# Router bit for finger joints



## keithet (Jan 29, 2012)

I have a Veritas Router table, fence and right angle sled. I want to make some box joints and need to know if a carbide spiral bit is the way to go to make the best possible clean joint. If so, I would like to try 1/4", 3/8" and maybe 1/2" joints. I will be using 1/2" to 3/4" hardwood (red oak, maple, cherry and other woods) and after using 1/4" regular cut dado bits (carbide and sharp) I seem to get unacceptable tear-out even with a backer. Any help would be appreciated. I realize that the spiral bits are expensive compared to the non spiral bits. What brand would you recommend?


----------



## Cherryville Chuck (Sep 28, 2010)

I think the ones that LV sells are Onsrud which are as good as you can get in my opinion. Whiteside, Freud, and CMT all have good ones. I used a 1/4" LV in some Douglas fir recently and it went through it like warm butter. The spiral may do a better job since it has a shear angle. The backer should be working unless it isn't tight together with your work. Are you clamping them together?


----------



## FreeTime (Dec 2, 2012)

I don't have any experience with box joints but I've been using a Whiteside 1/2" down cut spiral on Cherry for dados - it cuts a real clean entry edge but I also used small depth increments (< 1/4"). The up-cut spiral rips up the edge noticeably. ditto on the backer board comment.


----------



## DesertRatTom (Jul 3, 2012)

I use down cut carbide spiral bits for this since they seem to make a cleaner edge. I got mine from both Rockler and MLCS. Had some trouble with tearout that stopped when I clamped the piece instead of trying to hold it in place by hand as I'd seen Norm do on TV. There is a lot of lateral force being applied to the workpiece by a spiral cutter and the piece wants to walk away. To clamp it tight enough without denting the piece, I added a small, thin block of hardwood to distribute the pressure.


----------



## whimsofchaz (Jun 6, 2013)

The last two Whiteside bits I have bought have been very sharp and worked well. I would recommend Whiteside


----------



## Mike (Nov 22, 2004)

I normally use Whiteside spiral up cut bits; I have no complaints about tear out. This one was cut with a straight bit with good results.
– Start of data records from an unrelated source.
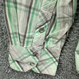 Quicksilver Mens XL Green Plaid Pearl Snap Button Up Shirt Regular Fit Cotton
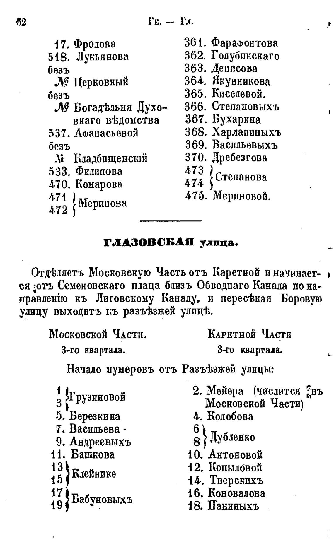 ГЛАЗОВСКАЯ улица,
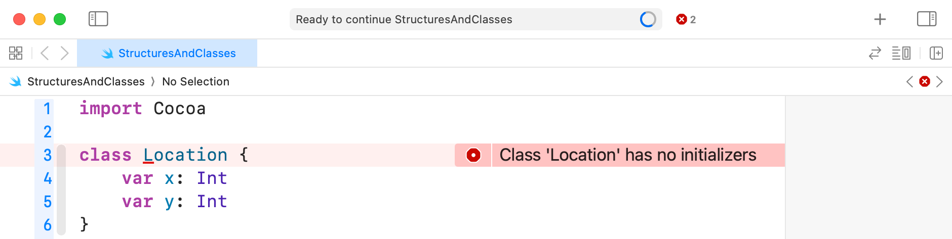 Fortunately, we do not need to write the initializer for a class manually – Xcode will do it for us. Make edits to your code as follows:
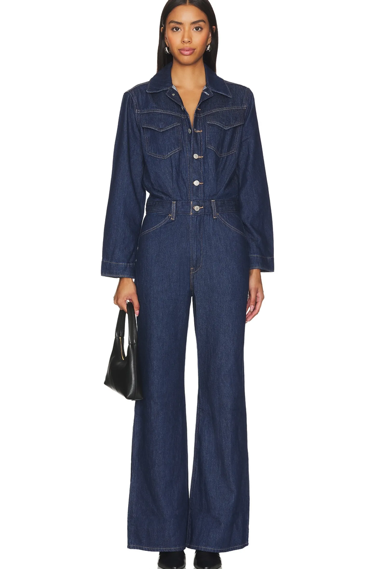 100% cotton.Made in Sri Lanka.Machine wash.Front button closure.Zip fly with button closure.6-pocket styling with breast button pockets.Rigid denim
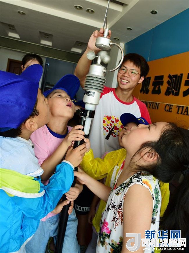 8月2日,江蘇鎮(zhèn)江市寶塔路街道潤州花園社區(qū)的小朋友在丹徒國家基本氣象站觀察體驗便攜自動氣象站的功能。 新華社發(fā)(石玉成 攝)
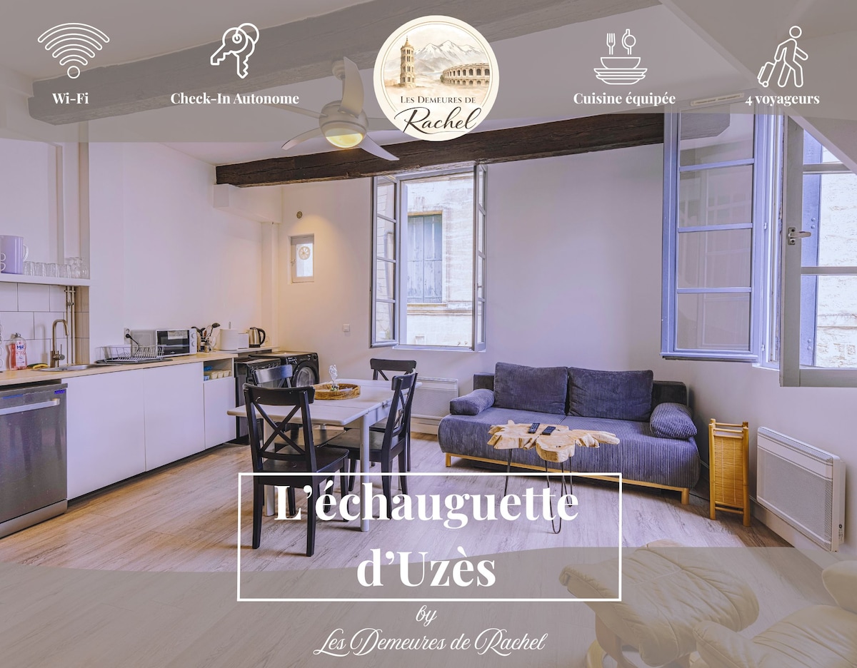 Apartemen kami berada di pusat Uzes, dekat dengan toko dan restoran. Anda akan menikmatinya karena lokasinya, suasana tempat yang meriah dan menawan, ketenangan setiap saat, volume dan kecerahan yang cukup. Sangat cocok untuk pasangan, wisatawan solo, dan keluarga (dengan bayi). Tempat ini memiliki ruang tamu besar dengan dapur terbuka dengan bar, kamar tidur besar dengan perapian batu, kamar mandi dengan pancuran, toilet di area kamar tidur, dan balkon yang menghadap ke selatan.
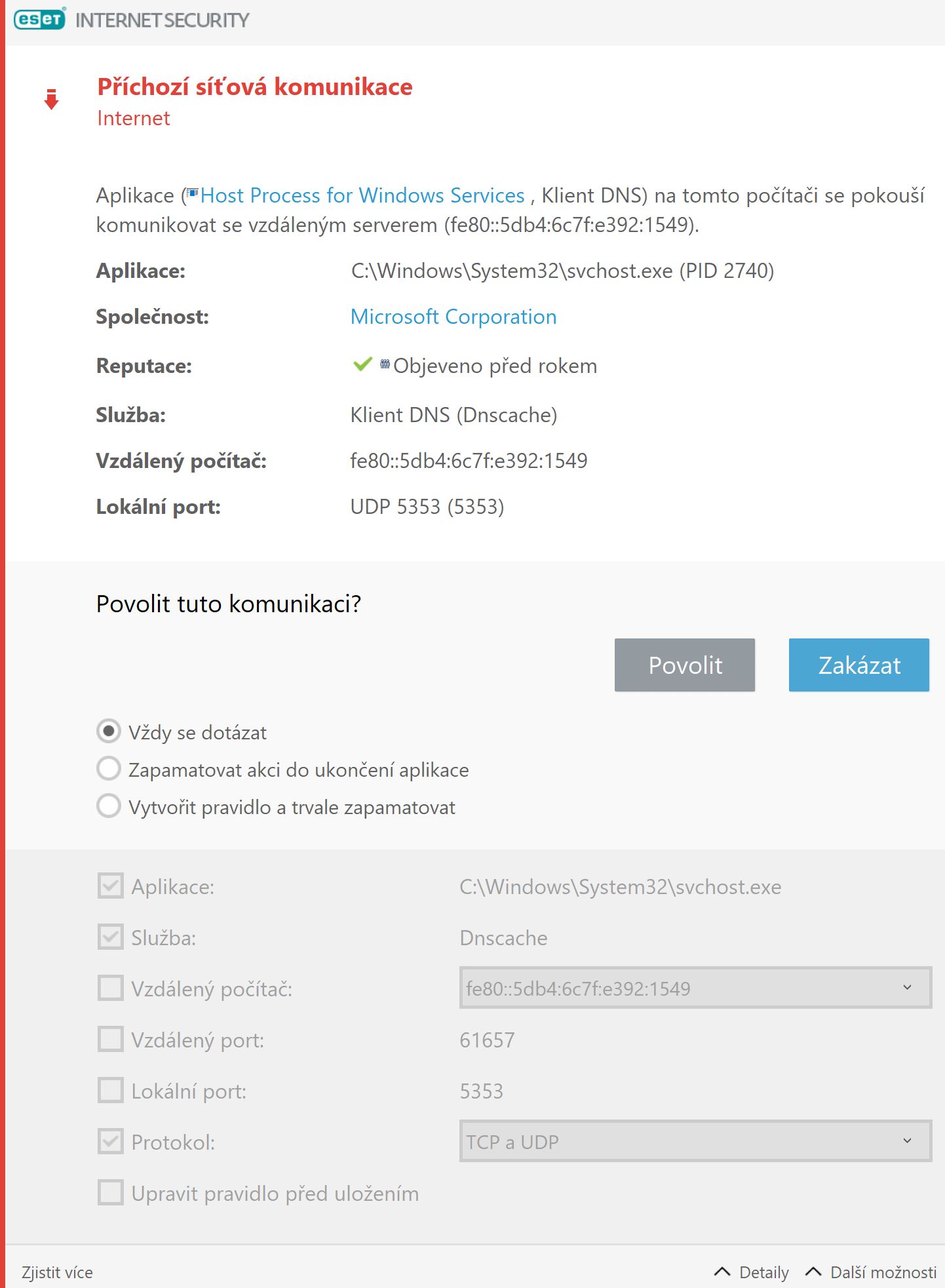 Když máš interaktivní režim, je dobré FW nastavit tak, aby původní Windows Firewall defaultní pravidla byly brány v potaz. Na první pohled to vypadá jako multicastový mDNS, ten využívá udp/5353, když klikneš na detaily, měl by si vidět číslo portu, můžeš sem poslat screen.
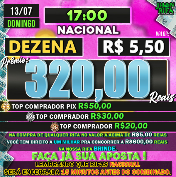 Sorteio: 13/07/2025 às 16:45
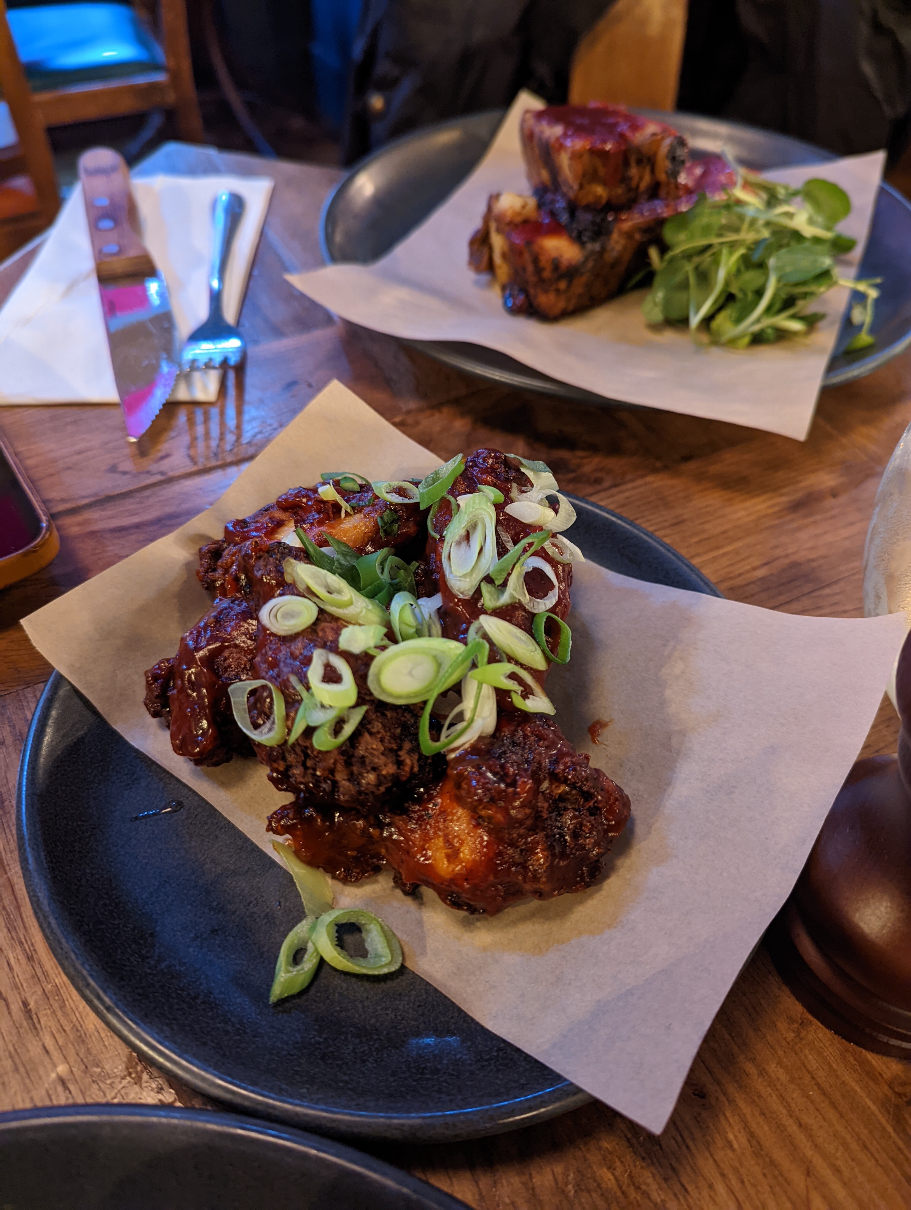 The Queen’s Head is a rural pub in the Berkshire countryside; not far from Reading and the M4 but sufficiently far away from it all that it feels like the middle of nowhere. The pub was described to me as ‘excessively dog friendly’ and, as Harley was joining us this evening, that was really the key criterion we were weighing up to eat here. As it happens, under new management since the Summer, the pub is clearly making an effort to build a reputation around its cuisine, billing itself as a pub/brasserie, and shifting between different seasonal menus throughout the year. The burgers, though, I think are staples.
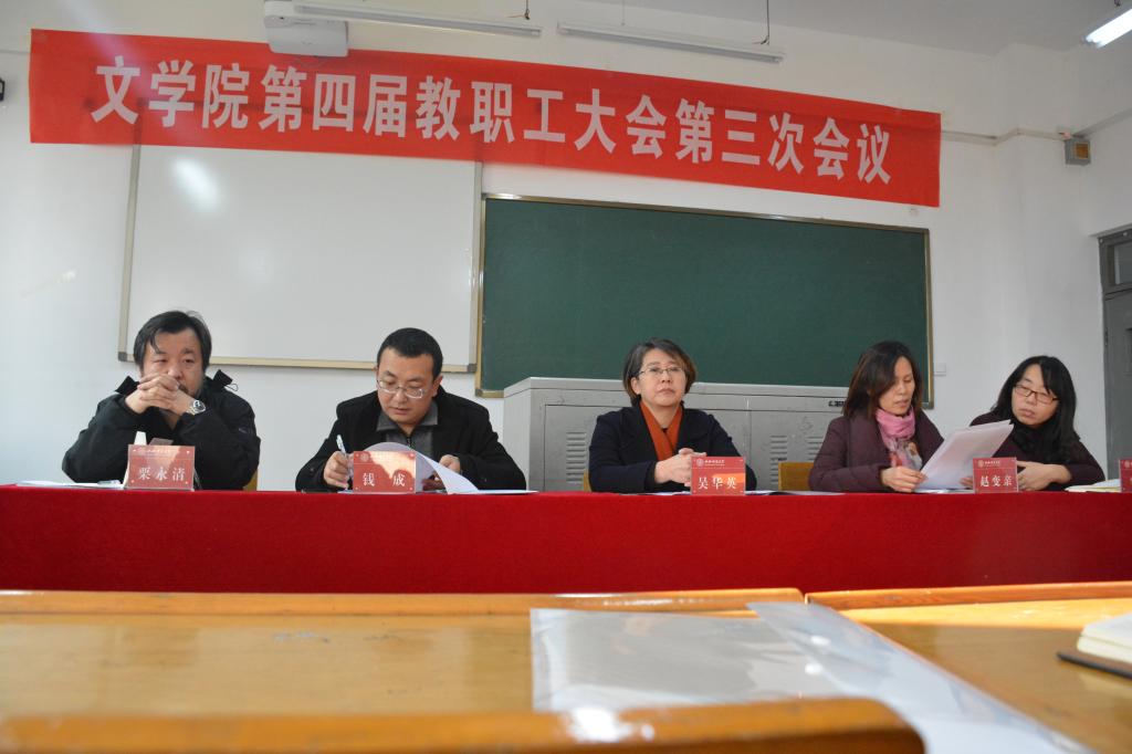 在12405教室召开了第四届教职工大会第三次会议。院领导吴华英、赵变亲、钱成、李伟、栗永清出席。
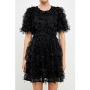 エンドレスローズ レディース ワンピース トップス Women's Gridded Mesh Feathered Puff Sleeve Mini Dress Black
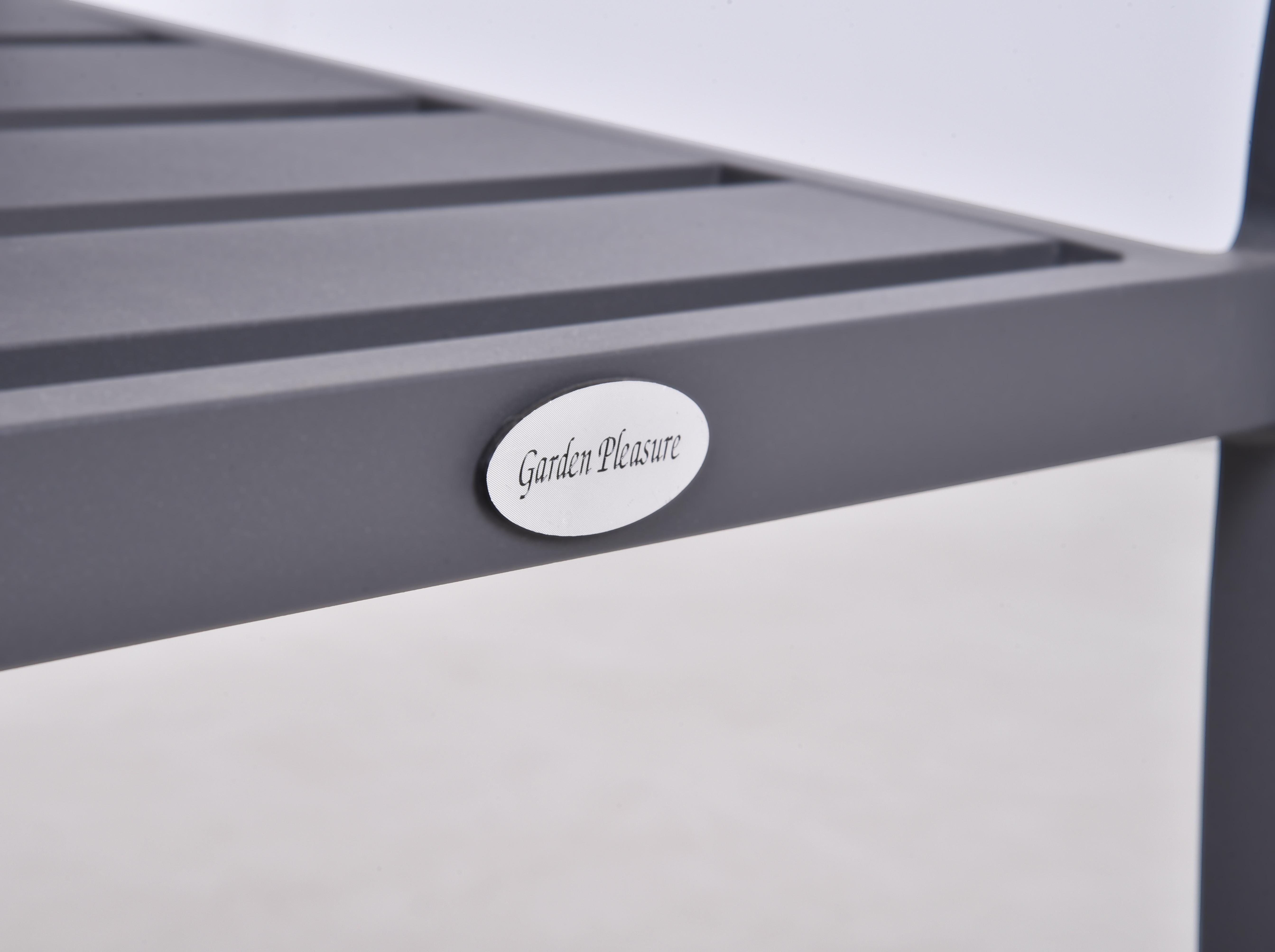 Der Stuhl "TREVISO" in eleganter Anthrazit-Pulverbeschichtung und Aluminium-Gestell bietet eine optimale Kombination aus Stil und Funktionalität.
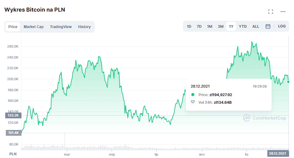 Druga połowa 2021 roku przyniosła rekordowe stawki za Bitcoina, a jeszcze w lipcu był w dołku. W listopadzie 2021 roku kurs Bitcoina poszybował na ponad 230 tys. zł.

Make sure you are not forcing the cut... give the bit time to do it's job.


----------



## CharleyL (Feb 28, 2009)

If you want to do clean tear out free box joints with a router you will need to use a backer board. The backer board is a sacrificial board that is clamped behind the work. It will prevent the router bit from chipping the back side of your cut. If you can align it perfectly you can use it on additional cuts of the same spacing and dimension (multiple identical parts). I prefer a table saw with a dado blade and a zero clearance insert plus my I-Box jig for making clean box joints quickly. The I-Box uses a piece of 1/2" MDF as the sacrificial board, which can be moved or flipped for additional setups before it needs to be replaced. The I-Box can be used either on a router table or a table saw to cut many sizes and types of box joints.

Charley


----------



## Mike (Nov 22, 2004)

With Oak Park or MLCS box joint jigs the push block is the backer board. Take a look at the first photo in my last post to see how clean the cuts are made... even with straight bits.


----------



## TangoDown3727 (Oct 13, 2013)

An UPcut spiral bit is the best choice for box joints. The up-cut pulls the stock toward the base of the router or the router table surface as it cuts, so it makes for a very clean dado or groove because it also pulls the chips/dust out of the groove which helps avoid overheating the bit and giving a very clean cut. Not to nit-pick either, but "Finger Joints" and "Box Joints" are two very different things and require very different bits. Unfortunately spiral bits are kinda pricey, but they are worth it and certainly a great way to go for Box joints IMO.


----------